Ok, here is just another couple of points.
If I is an ideal of a ring R, then I is first and foremost an additive subgroup of the group (R, +).
Since $Z_{12} = <1>$ is a cyclic subgroup under addition. There is exactly one unique subgroup of size p where p is a divisor for 12. So the divisors are 1,2,3,4,6,12And these additive subgroups are (Subgroup of 1 element)$<1^{12/1}>$,(Subgroup of 2 elements $<1^{12/2}>$, (Subgroup of 3 elements)$<1^{12/3}>$ etc...
All these additive subgroups (Denoted by S) are ideals of $Z_{12}$ for if $ r \in Z_{12} $ and $ x \in S $ then x*r = r * x = x + x + x + x.. + (r times) $\in S$ (since S is closed under addition).
It is not hard to show that for any cyclic ring R(Ring with a cyclic group under addition), the ideals of R are the subgroups of (R,+), Hence ideals of size p where p divides the order of R
Now for any ideal I of $Z_{12}$, the order of $Z_{12}/I$ is $12/d$ where d is a divisor of 12. So yu have order of $Z_{12}/I$ = 1,12,6,4,3,2. So we know for I to be maximal $Z_{12}/I$ must be a field, or must have order $p^n$ where p is a prime and n is a positive integer. so the ideals where the order of $Z_{12}/I$ = 4,3,2. are maximal ideals.

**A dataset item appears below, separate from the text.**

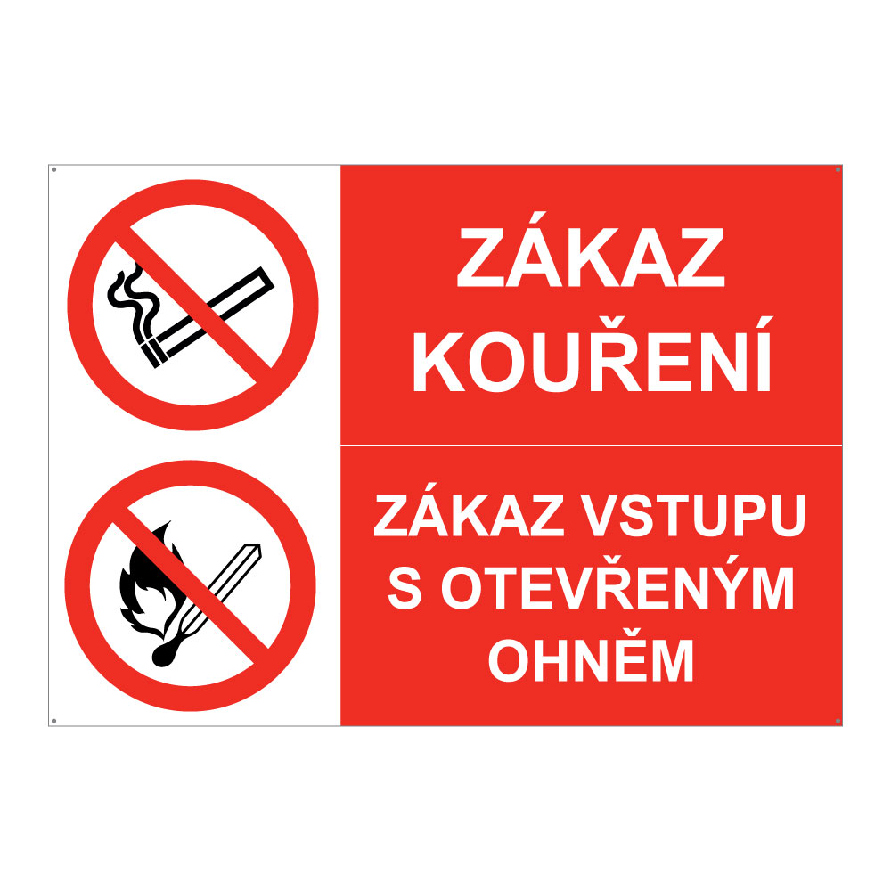 ZÁKAZ KOUŘENÍ - ZÁKAZ VSTUPU S OTEVŘENÝM OHNĚM, KOMBINACE, plast 2 mm s dírkami A4

Or maximal ideals are 3$Z_{12}$,4$Z_{12}$ $6Z_{12}$.
Thus these are also prime ideals.
The others, namely, $Z_{12}/2Z_{12} \cong Z_6$, is not a prime ideal because 2*3 = 0 $\in Z_6$, which means it has atleast one zero divisor. and $Z_{12}/12Z_{12} \cong Z_{12}$ $\{e\}$is also not prime since 6*2 = 0 $\in Z_{12}$(We do not include the ideal $Z_{12}$ in consideration for being a "prime" ideal, akin to how we don't say 1 is a prime number.